Al amanecer, cuando los primeros rayos del sol teñían los tejados del palacio de rojo sangre, un sacerdote anciano llegó con un mensaje del emperador.
— Altísimo — murmuró el hombre, sus manos temblorosas sosteniendo un relicario de jade — la sangre de la sanadora no cura… devora. Como devoró a Nyrith.
Aisha, oculta tras el biombo, sintió cómo el azul en sus venas palpitaba.
— ¿Qué significa? — gruñó Ragnar.
El sacerdote retrocedió.
— Es el último eslabón. Cuando el dios murió, su esencia se fragmentó. Ella... es la que recoge los pedazos.
El silencio que siguió fue tan denso que Aisha pudo escuchar el latido de su propio corazón. Un latido que ahora resonaba con eco ajeno, como si otra voz cantara desde dentro de sus huesos.
— No — musitó con voz casi inaudible, clavándose las uñas en las palmas. No era una negación al sacerdote, sino a sí misma. A esa verdad que le quemaba las entrañas.
Los fragmentos de sueños rotos, las pesadillas que la ahogaban cada noche, la voz susurrante en lenguas olvidadas. Todo encajó. Demasiado perfecto, demasiado cruel.
Aisha no era humana. Nunca lo había sido. Era el último jirón de un dios olvidado, y el hambre de los cielos reclamaría su precio.
El sol ascendía, implacable, como si los cielos mismos estuvieran ansiosos por presenciar lo que vendría.

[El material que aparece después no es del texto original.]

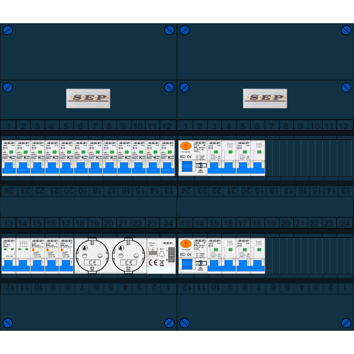 SEP groepenkast, hoofdschakelaar, 3x aardlekschakelaar 2p/40/30mA, 2x aardlekschakelaar 4p/40A/30mA, 12x installatieautomaat 1p+n/B16, 4x Installatieautomaat 3p+n/B16, beltrafo, tweevoudige contactdoos (3 fase)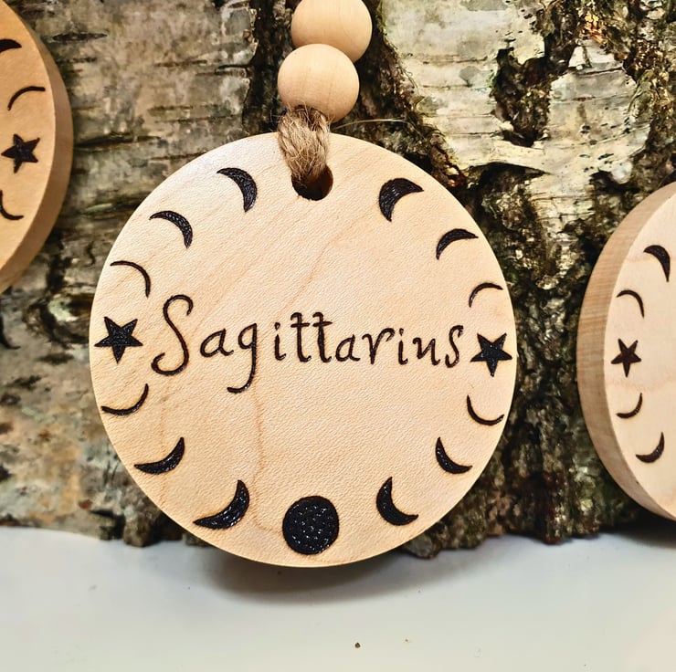 It is round shaped, with a diameter of approximately 6cm (2") and 6mm (1/4 inches thick).It is made from Sycamore wood, light in colour. Both sides are hand drawn with the method of Pyrography (wood burning), one displaying the symbol of the Sagittarius zodiac star sign, while the other shows the word "Sagittarius" surrounded by the moon phases. It connects with the metallic lobster type hook with natural twine, which is decorated with 2 wooden beads. The keyring is approx. 12.5cm long in total.

Aisha se inclinó sobre un charco de agua, sus dedos rozando la superficie inquieta. Por un segundo, solo un segundo; su reflejo no fue el suyo. Ojos plateados, fríos como estrellas muertas, la miraron desde las profundidades.
Y supo, con una certeza que le heló el alma, que el festín de los dioses hambrientos apenas comenzaba... y que ella sería tanto el plato principal como la mano que lo serviría.